The Zite app for iOS is for me the best recommendation service so far. Once you define your “sections” (i.e. you define the topics that interest you, which is their way of avoiding the filter bubble) it brings you surprisingly interesting and relevant content in each of them. Not sure how they do this exactly.
victoriaalex

Appreciate reading comments to summarize POV…that helps me through the filter(s). Appreciate your informative take Paul Quigley. Amusing that you chose the word “kinda.” It’s okay to do some chest-thumping & have passion about what you do. I mean, words like this don’t jive, have you ever heard of a woman being “sorta” pregnant? Just sayin’…
Janus Daniels

Why so much concern for “an algorithmic definition of diversity” when we desperately need an automatic discernment of veracity?
I have interest in “stuff other people like that I’ll probably hate” but I have a burning desire for anything more honest and more useful that what I read now.
Give me a search slider from truthiness to truth. :-)
Willy V

This all is why I turn off all “personalization” and do not log in when using search engines. I want whay I want, not what some filterization wants me to believe I want.
jonathanstray

Truth is an even harder problem than diversity. I actually just had a conversation with a very sharp engineer trying to explain the problems, among which are:

– many (most?) interesting truths are not empirical, but involve norm-based interpretation
– even in the case of empirical truths, it’s often impossible to verify (because, e.g. the event happened in the past, or causation cannot be established because no experiment is possible, or the necessary information is not available for whatever reason)
– truth is very often contextual, that is, to understand what some claim means we must understand a lot about the world
– You can build algorithmic models for predicting accuracy based on source, topic, match against other sources, etc. and they will work to some degree, but they will break immediately when the world changes. (E.g. if you are depending on an on-the-ground source in a conflict and they decide to change sides.)

My engineer’s response to this: “Oh, so you’d need general AI to do this.”

My response: No.

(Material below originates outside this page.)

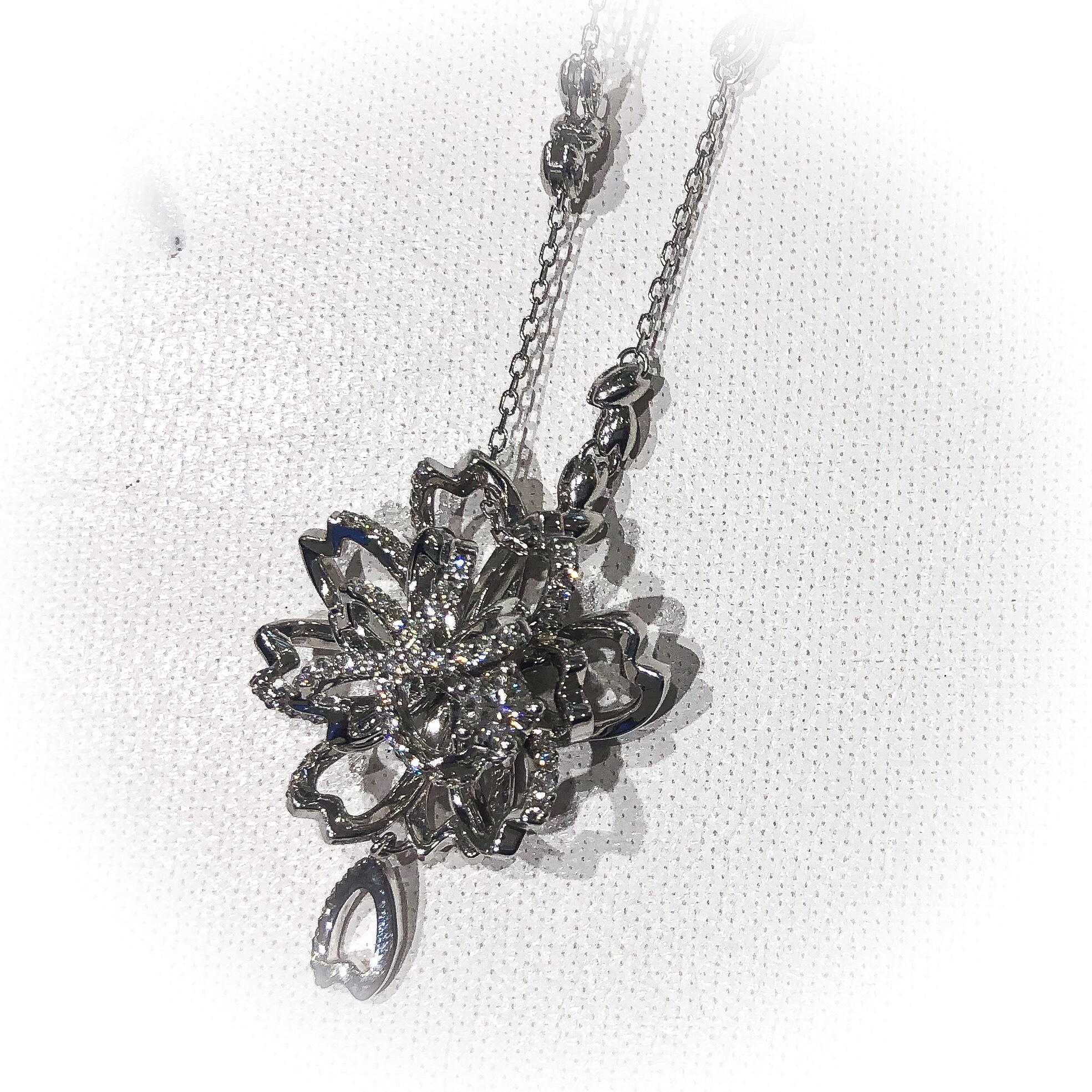 お花見 2021年2月17日 by ijima サクラダイヤペンダント 昨日ご紹介したサクラダイヤペンダントのホワイトゴールドバージョン。 イエローゴールドより、質感に高級なイメージが出ますね。 同じホワイトゴールドやプラチナのリングなんかも合わせ安いです。 メインのサクラダイヤは、0.159ct F VVS1を使用しています。脇石は、0.25ct 定価550,000円 2月末まで30%OFF

Not even a human can, in general, figure out whether a statement is true. In most cases we can only make educated guesses.
jonathanstray

Search engines are filters by definition. You cannot turn the filters off — that would mean looking through the entire web manually.
Oakleys vault

There is an exceptionally wide variety of sunglasses to choose from vaultoakleys2012.net. The brand is dedicated to designing cutting edge Oakleys vault and use only the best technologies and materials to ensure your Oakleys sunglasses 2012 will see you in first place in the both the sports and style ranks.
snipergirl

Errr, is your use of “gnus” for “news” or “nous” an April Fools’ Joke?